[Information]:
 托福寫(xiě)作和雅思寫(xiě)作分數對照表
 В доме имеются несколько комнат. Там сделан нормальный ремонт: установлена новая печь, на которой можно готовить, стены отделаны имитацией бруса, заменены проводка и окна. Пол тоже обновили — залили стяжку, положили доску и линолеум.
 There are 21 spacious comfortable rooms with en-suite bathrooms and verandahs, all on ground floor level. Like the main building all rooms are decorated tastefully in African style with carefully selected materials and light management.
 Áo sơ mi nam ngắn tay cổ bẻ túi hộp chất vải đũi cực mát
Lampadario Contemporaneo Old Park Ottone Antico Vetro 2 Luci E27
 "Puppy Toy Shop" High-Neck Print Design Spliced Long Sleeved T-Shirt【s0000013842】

...

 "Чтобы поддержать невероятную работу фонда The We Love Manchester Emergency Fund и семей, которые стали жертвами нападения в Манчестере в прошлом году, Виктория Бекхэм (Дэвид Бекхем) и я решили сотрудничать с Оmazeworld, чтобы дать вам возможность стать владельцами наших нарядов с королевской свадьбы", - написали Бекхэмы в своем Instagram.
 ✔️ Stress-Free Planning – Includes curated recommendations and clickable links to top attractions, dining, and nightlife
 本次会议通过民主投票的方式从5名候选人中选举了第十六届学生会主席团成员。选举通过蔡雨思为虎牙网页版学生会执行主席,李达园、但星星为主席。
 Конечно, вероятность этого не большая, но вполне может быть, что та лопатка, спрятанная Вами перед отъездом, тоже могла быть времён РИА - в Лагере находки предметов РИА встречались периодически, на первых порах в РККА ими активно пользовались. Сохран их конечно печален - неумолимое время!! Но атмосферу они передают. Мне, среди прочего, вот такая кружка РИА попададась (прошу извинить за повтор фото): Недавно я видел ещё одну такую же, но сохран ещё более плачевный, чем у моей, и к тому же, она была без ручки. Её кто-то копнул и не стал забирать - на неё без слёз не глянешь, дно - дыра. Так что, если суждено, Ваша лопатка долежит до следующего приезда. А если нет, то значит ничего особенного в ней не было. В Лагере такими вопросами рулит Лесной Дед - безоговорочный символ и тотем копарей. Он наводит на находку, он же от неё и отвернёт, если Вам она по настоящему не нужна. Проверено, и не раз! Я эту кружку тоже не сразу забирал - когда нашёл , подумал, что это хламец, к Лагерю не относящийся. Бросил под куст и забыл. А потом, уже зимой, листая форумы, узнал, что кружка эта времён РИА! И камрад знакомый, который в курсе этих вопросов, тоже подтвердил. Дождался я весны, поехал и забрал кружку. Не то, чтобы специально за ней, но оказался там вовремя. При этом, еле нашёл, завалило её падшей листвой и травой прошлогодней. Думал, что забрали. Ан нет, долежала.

[What is needed]: Beginning at the line above that contains "There are 21", return each line exactly through the line that contains "Long Sleeved T-Shirt【s0000013842】", and no others.

[Response]:
 There are 21 spacious comfortable rooms with en-suite bathrooms and verandahs, all on ground floor level. Like the main building all rooms are decorated tastefully in African style with carefully selected materials and light management.
 Áo sơ mi nam ngắn tay cổ bẻ túi hộp chất vải đũi cực mát
Lampadario Contemporaneo Old Park Ottone Antico Vetro 2 Luci E27
 "Puppy Toy Shop" High-Neck Print Design Spliced Long Sleeved T-Shirt【s0000013842】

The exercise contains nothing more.